The congregation under him primarily consisted of recent immigrant Arab Christians of various denominations and nationalities, many of whom fled the Middle East, some to escape violence in the Middle East in Syria and Iraq; in 2001 most of his congregants were from Syria. They included Egyptian Copts, Iraqi Chaldeans, Lebanese Maronites, Greek Catholics and Greek Orthodox, Roman Catholics, and Presbyterians originally from Egypt, Iraq, Lebanon, Palestine, and Syria. El-Yateem's work at the congregation was praised by Bishop Gregory John Mansour, who described him as "a great bridge builder".

In the wider community, El-Yateem was as of 2015 a religious leader of the Bay Ridge Unity Task Force — formed at the request of Brooklyn DA Charles Hynes by civic activists, business leaders, and Muslim, Christian, and Jewish religious leaders to combat bigotry. In 2012, the Bay Ridge Community Council presented its Civic Award to El-Yateem for his work at Salam Arabic Lutheran Church and the Bay Ridge Unity Task Force. Additionally, El-Yateem served as a board member of Community Board 10 and the Arab American Association of New York, along with being longtime leader in voter registration efforts in Bay Ridge's Arab community. He also worked in patient relations at Maimonides Medical Center from 2010 to 2017 before leaving to run for City Council.

In August 2017, El-Yateem and others urged the Episcopal Diocese of Long Island to remove an iron plaque commemorating a tree planted in the 1840s by Confederate General Robert E. Lee from a cemetery in Fort Hamilton, placed there in 1912 by the United Daughters of the Confederacy, in the wake of violence surrounding the Unite the Right rally to protest a similar memorial's removal in Charlottesville, Virginia.

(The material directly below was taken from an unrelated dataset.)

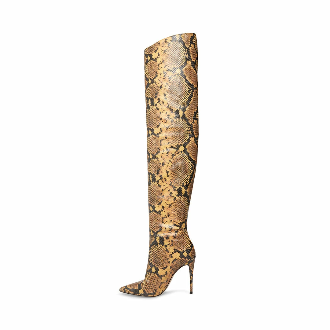 Now this is a statement boot! With a tall shaft, towering heel and exotic faux reptile surfaces, HARLOW serves up high-impact style! Super versatile, this boot can be worn over-the-knee or slouched down for a chic fashion moment.

In May 2018, El-Yateem announced that he would be moving to Florida. He would serve as assistant to the bishop and director for evangelical mission with the ELCA Florida-Bahamas Synod until 2024 when he was appointed ELCA Executive Director for Service and Justice. In addition, El-Yateem is the President of the ELCA Association of Lutherans of Arab and Middle Eastern Heritage along with serving on several ELCA boards and committees.

===City Council campaign===
In 2017, El-Yateem ran in the Democratic primary for District 43 of the New York City Council, covering Bay Ridge, Dyker Heights, Bensonhurst and Bath Beach. His campaign was endorsed by the New York City chapter of Democratic Socialists of America, of which he is a member.

El-Yateem said that he "100%" supported the Boycott, Divestment and Sanctions movement. He was endorsed by political activist Linda Sarsour.

El-Yateem finished second in the primary with 31% of the vote (2,932 votes) to Justin Brannan's 39%, in a five-way race.